然而连日的奔波令弥鳯疲惫不堪,今日心情又大起大落,他难以跟上薄雩琈的激烈昂扬,只觉得困顿无比,惟愿好好睡它一觉。

薄雩琈心里是真的很无助,爹娘闹和离,爹死活不肯低头,说她要是来当说客就不再见她,娘不许她把心思放在儿女情长上,只顾逼她好好练功。她没人倾诉,身边最亲的人只剩下弥鳯这个未婚夫,除了他她不知道还有谁能帮她。

她不明白怎么一下子就到这个地步了,之前不都好好的吗?怎么突然夫妻情分就急转直下了呢?

她絮絮叨叨地对弥鳯倾诉了许多,直至半夜才感觉心中畅快了些,才发现弥鳯已经睡着了。

“没良心。”薄雩琈小声骂道,委屈地瞪着他的睡颜。

可她又同情他的辛苦,只好善解人意道:“唉,睡吧。”

好巧不巧,弥鳯在睡梦中说出一句呓语:“没事的,都会好的。”

虽然口齿不甚清晰,但在夜间寂静时听得分明。

薄雩琈开心起来,她就知道弥鳯不会这么冷漠,他肯定留了分精神听她倾诉的。

一阵秋风从窗外吹进来,薄雩琈这才发现窗没关严。她环抱双臂:“好冷啊。”

熟悉的呓语响起:“不冷……”

“明月姑娘。”

薄雩琈静止起身关窗的动作,怔怔回头。

她遍体发寒,脸颊流下一行清泪。

睡着的弥鳯无知无觉,仿若什么都没有发生那般无辜。

薄雩琈仿佛瞬间被抽走灵气,瘫坐下来,良久无声。

换做以前,她肯定要摇醒弥鳯,势必让他解释个清楚。骄傲如她,绝不可能允许未婚夫嘴里说出另一个女人的名字。

可是时至今日,她胆怯了。

母亲远比她更强大,更骄傲。可过刚易折,如今跟父亲闹得不可开交。

前车之鉴就在眼前,她该怎么办?

她落寞地独自离开,回到她的屋子后,失眠了一整晚,双眼红肿如桃核。

一夜过后,她大度地想着:“我会给你解释的机会,弥鳯。”

翌日清晨,弥鳯从睡梦中醒来。

他觉得胳膊是酸的,头也痛,仿佛被冷风吹了一夜。

他扶着脑袋回忆,想起来昨夜跟薄雩琈谈心来着,不知不觉就睡着了。梦里又回到了那个山洞,明月姑娘总是在他的梦里犯冷病,他一直安慰她不冷,点燃火堆给她取暖。

最近总是做这相同的梦,都快被梦魇住了。

弥鳯仔细地思考,为什么频频梦见她的冷病。他想,明月姑娘,或者说九光,是身体虚弱的受害者,她来报仇并没有错,甚至更是因为病痛缠身而显得意志更加坚定。

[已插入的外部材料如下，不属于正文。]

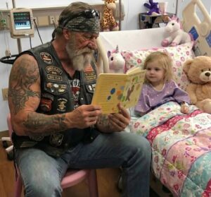 I first met Amara on a Thursday afternoon, the day I walked into room 432 with a children’s book in my hand and a leather vest on my back. I’m a 58-year-old biker—tattoos up my arms, beard to my chest, the kind of man most kids initially shrink from. But she didn’t. Seven years old, bald from chemo, small as a bird beneath hospital blankets, she looked at me with those huge brown eyes and asked me, almost shyly, to read to her. The nurse had already warned me: her mother had dropped her off for treatment and never returned, CPS couldn’t find family, and the cancer was spreading faster than anyone wanted to admit. I’d read to dying kids before, but something about the loneliness in her room cut deeper. When she asked whether I missed being a father—after losing my own daughter twenty years earlier—I felt a crack open that I thought time had sealed shut.
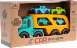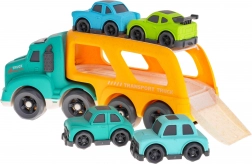 Zábavná odťahovka s prívesom a štyrmi autíčkami z ekologického BIO plastu poteší deti od 18 mesiacov. Ponúka svetelné efekty, reálne zvuky motora, cúvania a klaksón aj veselé melódie. Príves možno odpojiť a robustný materiál je bezpečný, netoxický a odolný. Batérie 3× LR44 sú súčasťou balenia.

昨日她教训得对,他确实不应该去阻挠一个什么错都没有的人。

他今天得去找父亲,无论如何,他都要劝父亲不能一错再错,要放下屠刀,补偿九光。

他还要找舅妈薄雩琈说清楚,打消她杀害九光的念头。虽然敬怕舅妈薄雩琈,可事关人命,他绝不是怯懦之人。

他一定会为九光保驾护航,不会再让任何人伤害她。